# Which Husqvarna Chainsaws are still Sweedish Built



## kentuckysteader (May 28, 2007)

Howdy Everyone!

I am in the market for a chainsaw that might possibly get quite a bit of use. I need something as safe and reliable as possible and was considering a Husqvarna. I am wondering which models are still Sweedish built (if any)


Thank You Kindly!!!
:bow:


----------



## WildernesFamily (Mar 11, 2006)

ks, when we were looking we noticed that the ones sold by Sears were not made in Sweden (china made, I think?)

We got ours at Lowes, Swedish built. We got the 445 model.

ETA, found this on another forum where someone said if the Husky is not swedish made it's just a glorified Poulan:



> FWIW, the Poulan built Husky's are the 100 series.The 300, 400, and 500 series are Swedish built but not all are designed for pro use.


----------



## HermitJohn (May 10, 2002)

Electrolux is to chainsaws and appliances, what MTD is to lawn mowers, and bought up many old independent brands of saw including Husqvara, Poulan, Roper, Pioneer, Partner, McCulloch of Italy (McCulloch name in US is owned by a Chinese corporation), Johnsered, and I think some others. Some of the names are still used, some are not.

The brand names are becoming meaningless and just price point levels in the bigger corporation.
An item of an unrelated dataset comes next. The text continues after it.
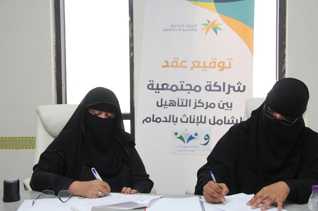 وقد وقع المذكرة من جانب تأهيل الإناث بالدمام مسؤولة التأهيل المهني "نعيمة الخالدي" نيابة عن مديرة المركز "عائشة المزيد"، فيما وقع من جانب شركة المناهج المطورة للتدريب والخدمات الاجتماعية مديرة الشركة الدكتورة "فوزية شاهين".

And there is lot of overlap, they basically try to confuse the consumer especially consumer that isnt aware of the name playing games and actual current ownership of old and respected brands.


----------



## ronbre (Apr 26, 2009)

i don't know but hubby just bought his second one..hasn't even gotten gas for it yet.


----------



## michiganfarmer (Oct 15, 2005)

> Which Husqvarna Chainsaws are still Sweedish Built


probaby the most expensive ones


----------



## Cabin Fever (May 10, 2002)

The last time I talked to a dealer about this very question he told me that the top two models of Huskies are made in Sweden. The same with Stihl, only the top two models are made in Germany. However...in regards to Jonsered....all except the bottom two models are still made in Sweden.


----------



## arabian knight (Dec 19, 2005)

Wrong Company it is Murray that went belly up and now is owned by B&S just a FYI


----------



## Sawmill Jim (Dec 5, 2008)

When did B&S buy the stock from M T D Holdings ?? I can trow a rock an hit the Martin Tn plant from here . Lost next door to the place Jim


----------



## HermitJohn (May 10, 2002)

What I'm saying is its not you grandfather's Oldsmobile. Or in this case Husqvarna. It may or may not be made in Sweden but its going to be made to whatever standards the parent company decides on for that product at that price point. When they were independent Poulan made some high quality saws. When Electrolux took them over they decided Poulan was to be their consumer line of saws only. They apparently are pushing the lower end Huskies down into consumer only level. Well since they manufacture both Poulan and Huskie, you dont think they are going to have two different designs for same price point product. At most they just paint them different color or use slightly different plastic housing but the actual saw is going to be same. Anyway the days of the small independent manufacturer producing the highest quality product he can as matter of pride/reputation and not worrying about price point marketing is over. Now making high quality product or lower quality product not the issue, its how to use those products and sell them at particular price points to extract the most profit from the consumer. Nothing is sold on cost to manufacture plus reasonable profit, its now all about marketing to people at particular price point. Usually higher price points require higher quality but not necessarily. Many times its still all about hype and selling an image.


----------



## HermitJohn (May 10, 2002)

arabian knight said:


> MTD Is now owned by Brigges and Stranton, just a FYI


Link? News to me if its true. MTD was interested in buying B/S when B/S instead bought Snapper and bankrupt Murray and started making mowers. MTD then went to some Chinese design engine for low end, Honda GC consumer level engines for mid grade, and Kohler "Courage" line engines for riders.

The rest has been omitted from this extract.